Entries supplied ::
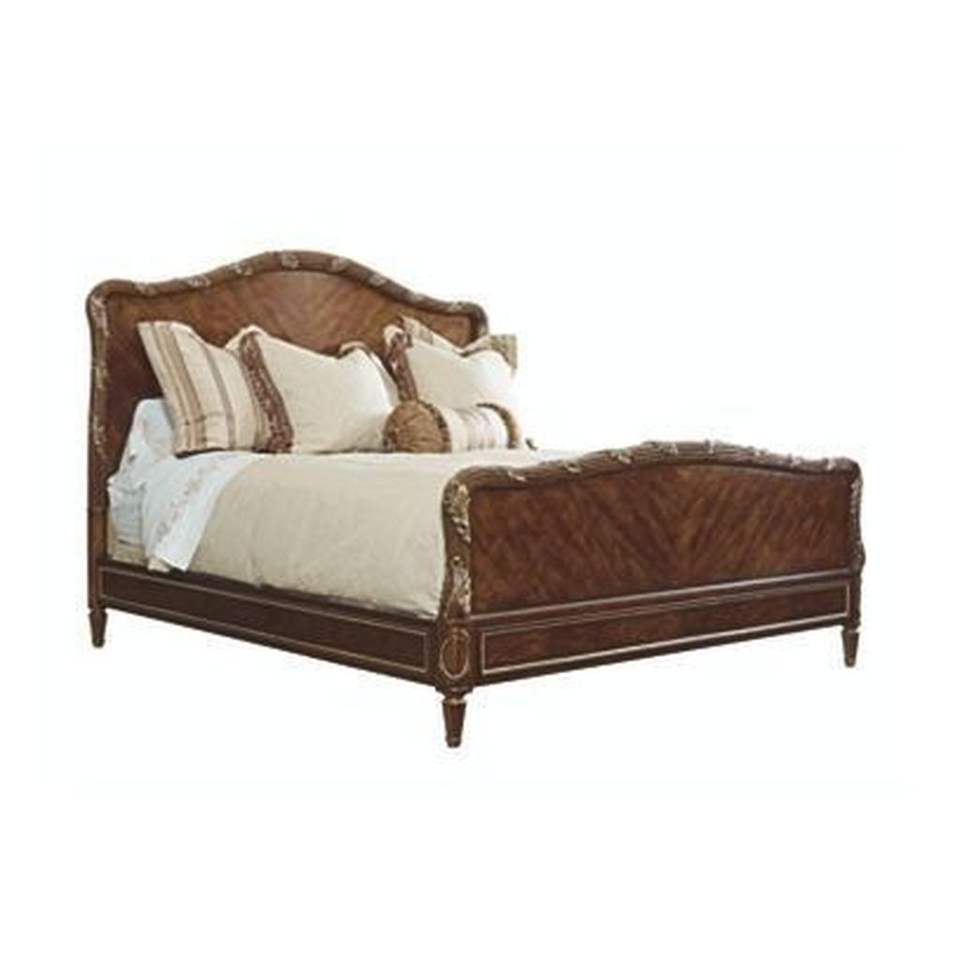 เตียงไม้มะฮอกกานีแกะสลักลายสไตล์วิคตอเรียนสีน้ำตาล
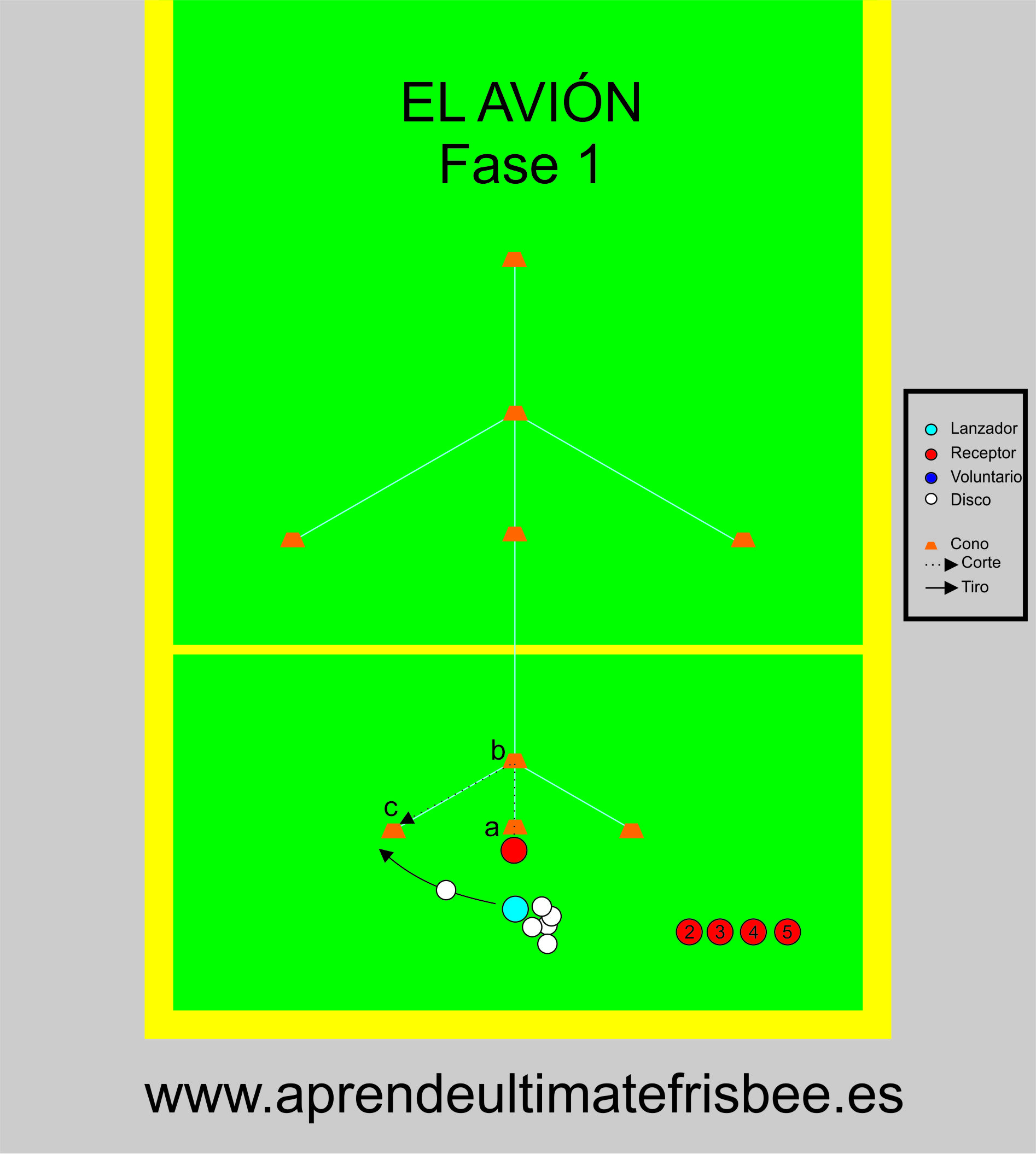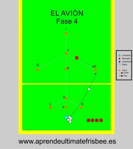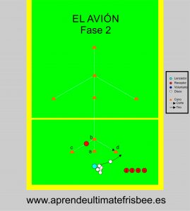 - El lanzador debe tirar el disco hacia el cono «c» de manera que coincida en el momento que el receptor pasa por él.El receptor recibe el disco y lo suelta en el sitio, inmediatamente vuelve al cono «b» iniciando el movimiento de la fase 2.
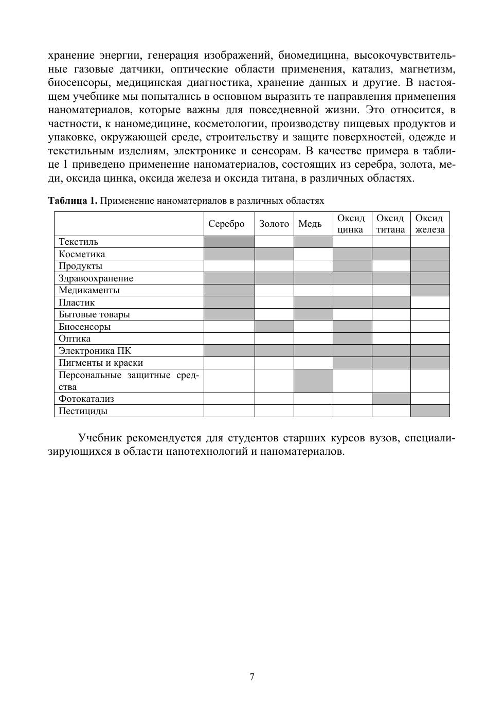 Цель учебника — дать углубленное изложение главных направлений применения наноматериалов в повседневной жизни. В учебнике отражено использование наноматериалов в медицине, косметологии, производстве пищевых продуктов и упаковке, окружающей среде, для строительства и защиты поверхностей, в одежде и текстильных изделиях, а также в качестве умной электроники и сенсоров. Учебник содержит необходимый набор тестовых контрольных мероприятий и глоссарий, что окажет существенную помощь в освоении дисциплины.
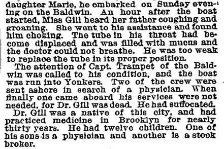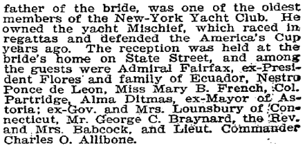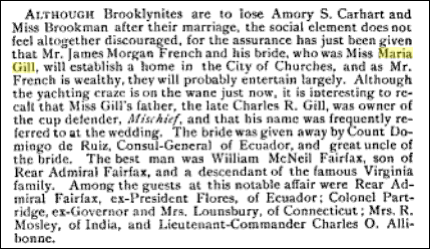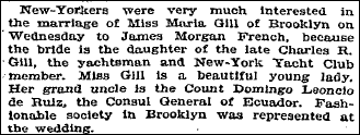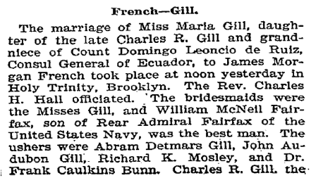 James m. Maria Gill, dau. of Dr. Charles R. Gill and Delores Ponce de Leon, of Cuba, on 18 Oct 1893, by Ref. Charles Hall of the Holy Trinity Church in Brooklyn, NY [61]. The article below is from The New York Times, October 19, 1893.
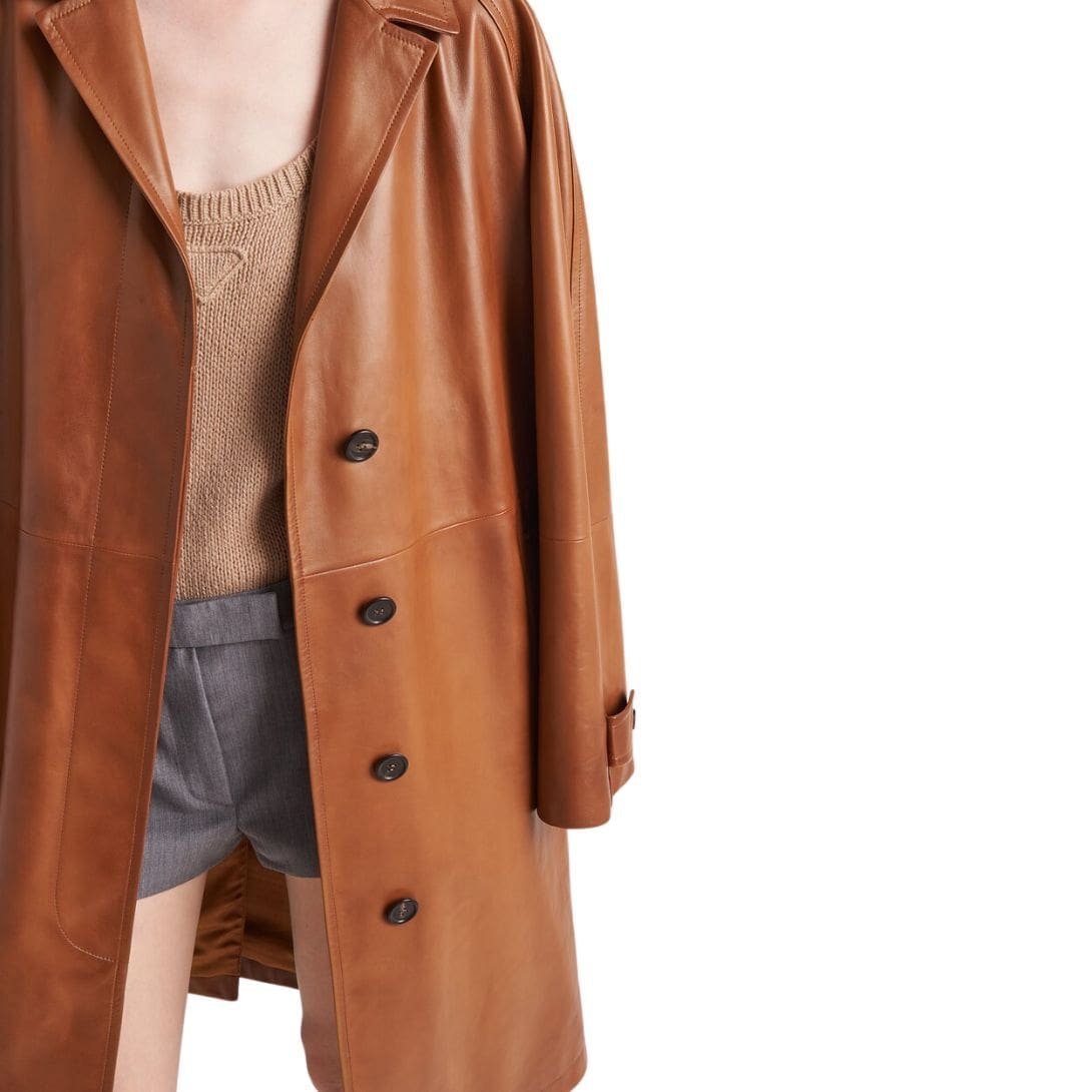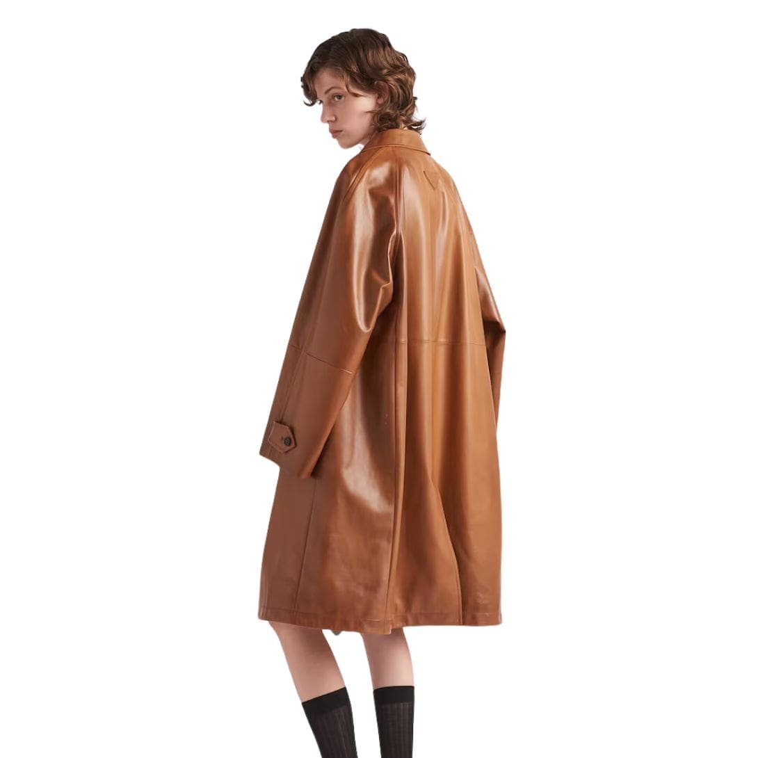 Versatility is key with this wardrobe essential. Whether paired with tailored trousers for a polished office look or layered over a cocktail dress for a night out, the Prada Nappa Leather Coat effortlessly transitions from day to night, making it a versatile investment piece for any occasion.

Your goal :: Exclude the pictures and write out exactly the lines from the one holding "Цель учебника —" through the end of the entries, inclusive, and only those.

Result below ::
 Цель учебника — дать углубленное изложение главных направлений применения наноматериалов в повседневной жизни. В учебнике отражено использование наноматериалов в медицине, косметологии, производстве пищевых продуктов и упаковке, окружающей среде, для строительства и защиты поверхностей, в одежде и текстильных изделиях, а также в качестве умной электроники и сенсоров. Учебник содержит необходимый набор тестовых контрольных мероприятий и глоссарий, что окажет существенную помощь в освоении дисциплины.
 James m. Maria Gill, dau. of Dr. Charles R. Gill and Delores Ponce de Leon, of Cuba, on 18 Oct 1893, by Ref. Charles Hall of the Holy Trinity Church in Brooklyn, NY [61]. The article below is from The New York Times, October 19, 1893.
 Versatility is key with this wardrobe essential. Whether paired with tailored trousers for a polished office look or layered over a cocktail dress for a night out, the Prada Nappa Leather Coat effortlessly transitions from day to night, making it a versatile investment piece for any occasion.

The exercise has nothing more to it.